Author response: We thanks the reviewer. We checked all the data analyses. In some cases the analyses were re-performed. We are extremely sorry about some incorrect information previously given in Table 5. This all has been discarded and the results obtained during re-analyses are discussed in the main manuscript.

- Table 3 and Table 4 can be combined into one table.

Author response: The manuscript revised and the Table 3 & Table 4 are combined as per suggestion and renamed as Table 2.

- What is the difference between the peptides #1 and #2 in Tables 3 and 4?

Author response: Actually these were the identical peptides acquired from two different proteins. This has been revised and showed once in the table.  

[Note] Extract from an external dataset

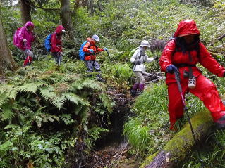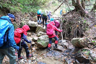 この峠では、沢に沿って街道が作られていたが、2022年8月の豪雨により途中かなりの距離に亘って削られて跡形もない状況で且つ沢が大きく広がって大きな岩で埋め尽くされ、ガイドさんの誘導があって何とか渡れてはいるが、削られた壁をよじ登るなど大変難儀して歩いた。
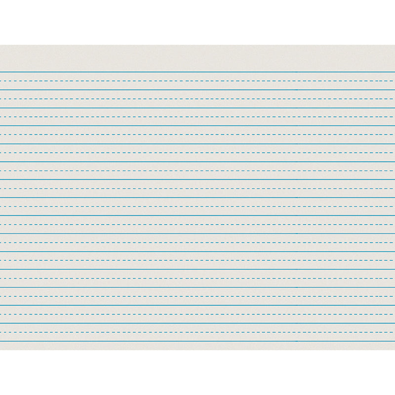 Ruled practice paper. Clean white newsprint has light blue ruling on both sides. Dotted midline serves as a guide for controlled writing. 11" x 8-1/2" sheets ruled the long way. 500 sheets per ream. Recyclable.

- How would the authors explain the different Docking Score values obtained for the same peptide (the viral and human peptide sequences are exactly the same) – Table 3, peptides 1(2), 4, 5, and 9?

Author response: The docking scores are exactly the same for the same receptors. The difference in the docking score in the last manuscript version was because of using different HLA molecules. To avoid misunderstanding, the same receptor has now used in the re-analyses and the entire manuscript has been revised in this regard.

- The reference list is not prepared according to the style of the journal.

Author response: Thanks. This has been revised and the reference list is prepared as according to the style of the journal.